I've wanted to make tofu for such a long time but certain things have held me back. I looked into the process and wasn't sure where to get a coagulant so I pushed tofu making into the back of my mind. When Steph posted about her experience of attending a tofu making class in Beijing earlier this year, my interest was piqued and I took it a step further by purchasing some organic soy beans but still couldn't track down the coagulant.
The soy beans were soaked overnight, then drained in a colander and rinsed well with water. After placing the soy beans in the blender I filled it up with filtered water to couple of centimetres above the beans.
The soy beans were processed into a paste.
The contents of the blender were poured into a stockpot with 4.5 litres of filtered water and the temperature brought up to between 82C (180F) and 93C (200F) for 30 mins.
The mixture was strained with cheesecloth into a couple of bowls. The leftover pulp okara can be used in baking, I didn't have time to look up recipes for it and froze it for the time being. The strained milk was returned to stockpot and the temperature heated up to 93C (200F).

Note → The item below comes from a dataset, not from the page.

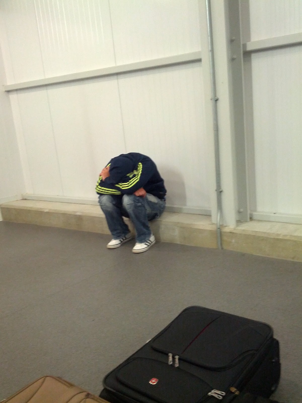 návratu na nádraží jsem spolucestujícím líčil zážitky z "mekáče" a Milan mi dal bagetu, "byl sem vděčnej za každej kus něčeho." Tomáš odpočíval a mi jsme si vyprávěli vtipy. Byly skoro čtyři ráno tak jsme šli pomalu na letiště.
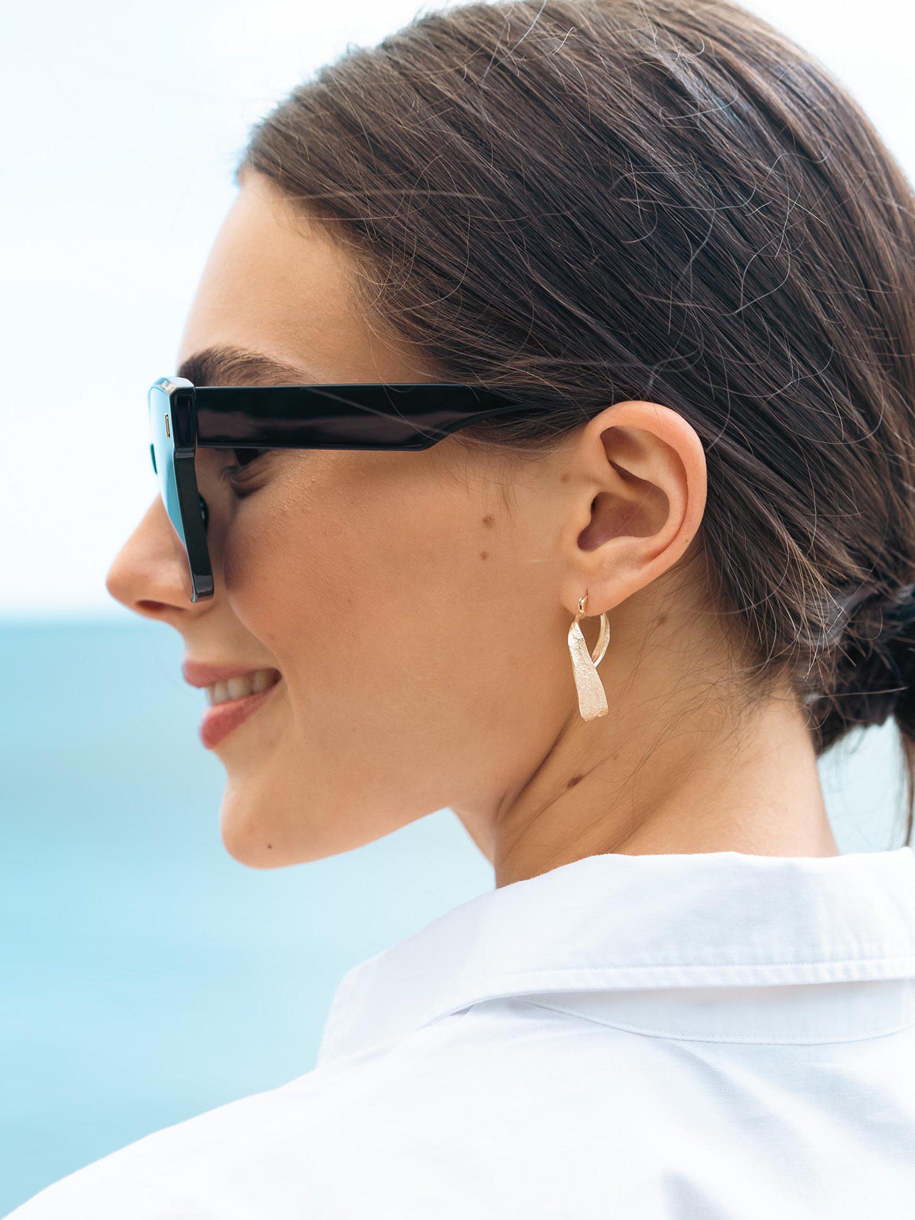 Every pair of earrings arrives in our signature branded drawstring fabric pouch, made from recycled materials.

3 teaspoons of calcium sulphate was mixed with 3 cups boiling water. 3/4 of this mixture was poured into the pot initially and stirred through once. The heat was turned off and the pot sat undisturbed for 10 mins. The liquid was still cloudy after this time so I stirred through the rest of the coagulant as directed. If the liquid is clear there is no need to do this.
The tofu curds were removed from the pot with a slotted spoon and placed into the Tofu Xpress lined with cheesecloth. I didn't realise when I purchased the Tofu Xpress that it could also be used in the tofu making process and was thankful that I decided to buy the additional lighter tension spring that was required for this purpose. The curds released a lot of water for me initially so I drained the excess several times. After the tofu had been resting for 30 minutes the Tofu Xpress was plunged into an ice bath for 1 hour, after that the tofu was ready to eat.
Since my latest motivation to make tofu came from Tofu Mom and I loved the sound of the recipe in one of her recents post I decided to give the Fried Tofu Chik'n Style recipe a go. This was a perfect way to try out the tofu, it was crispy and tasted fantastic and I loved the combination of the vegan mayonnaise, nutritional yeast and soy milk dipping paired with the sage, "chicken" stock, garlic power and cayenne pepper breading.
I love eating tofu a lot so it was very rewarding to finally give tofu making a try. I definitely won't be doing this all the time but will enjoy making a batch every now and then to enjoy a special recipe or two.